Cortés, lo dijo él, entró “en coma”. "Ando, como, respiro, pero estoy muerto, soy un zombi en vida", decía a quien le escuchase. Abandonó su vida. Dejó a sus otros dos hijos, dos chicos adolescentes, al cuidado de su esposa, también rota de dolor por el drama, y se lanzó a lo que desde entonces considera su misión en la vida. Hacer justicia a su hija. Recorrió España de punta a punta en su furgoneta pidiendo firmas exigiendo la cadena perpetua para los pederastas asesinos. Entró en todas las radios. Salió en todas las televisiones. Los políticos -con una mezcla de vergüenza, sentimiento de culpa, y oportunismo para aprovechar el tirón demagógico del padre destrozado- se desvivían por agradarle. El presidente Zapatero le recibió en La Moncloa. Rajoy, líder de la oposición, le agasajaba a la mínima. El ministro del Interior, Alfredo Pérez Rubalcaba, y la entonces portavoz de la oposición, Soraya Sáenz de Santamaría se fotografiaron con él en la presentación de su biografía.
Puede que ahí empezara a perder el rumbo. En vez de retirarse a hacer el duelo, cuidar de su esposa y sus niños, y recuperar su vida, se embarcó en una huida hacia adelante promocionando, en solitario, el volumen por todas las ferias provinciales, comarcales y locales de la agenda. Las televisiones se lo rifaban como tertuliano experto en seguridad ciudadana en programas de debate espectáculo. El Partido Popular le tentaba con puestos de asesor –aún sigue siéndolo del alcalde popular de Sevilla, Juan Ignacio Zoido- en la misma materia de la que fue víctima. Algunos le consideraban un líder de masas, un pastor laico, un creador de opinión. Otros, un iluminado mortalmente herido por su propia desgracia. Él, deslumbrado quizá de los mismos focos que se prendaron de él en su día, se dejó querer. Se fue de su barrio de toda la vida. Fundó un ministerio evangélico con su nombre. Daba sermones donde se lle llamaba. Se creyó su propio personaje.
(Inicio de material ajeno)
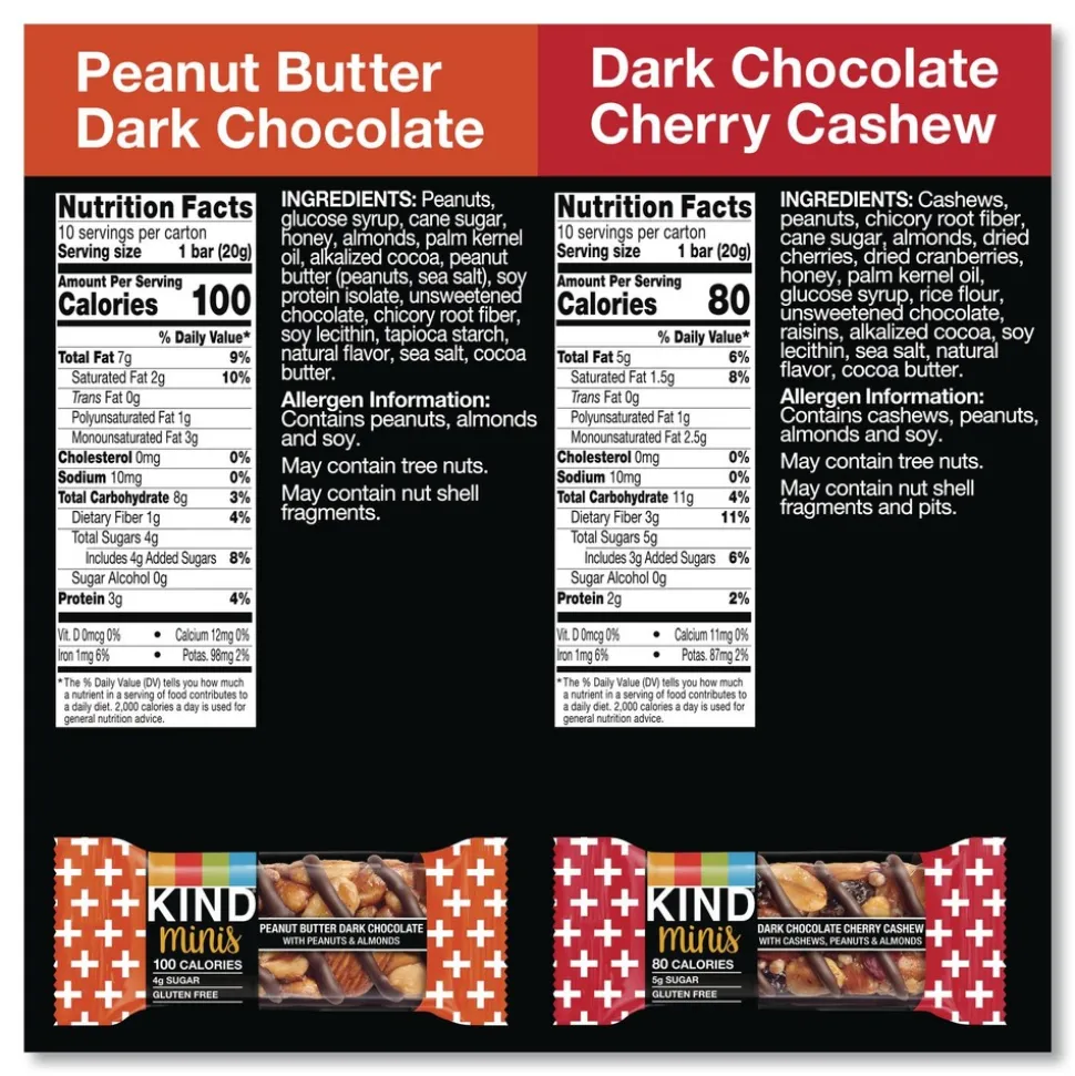 KIND 43012 0.74 oz Minis Variety Pack – Dark Chocolate Cherry Cashew/Peanut Butter Dark Chocolate (20/Box)

Hasta que nos enteramos de que se había visto envuelto en una trifulca con tiros incluidos. De que se le había calentado algo más que la boca en una discusión de calle. Probablemente, alguien le mentó a sus muertos. A su niña. A la luz de sus ojos. Y eso es mucho más de lo que Cortés, un gitano puro para quien los difuntos son sagrados hasta el punto de no poder pronunciar su nombre en vano, puede soportar sereno.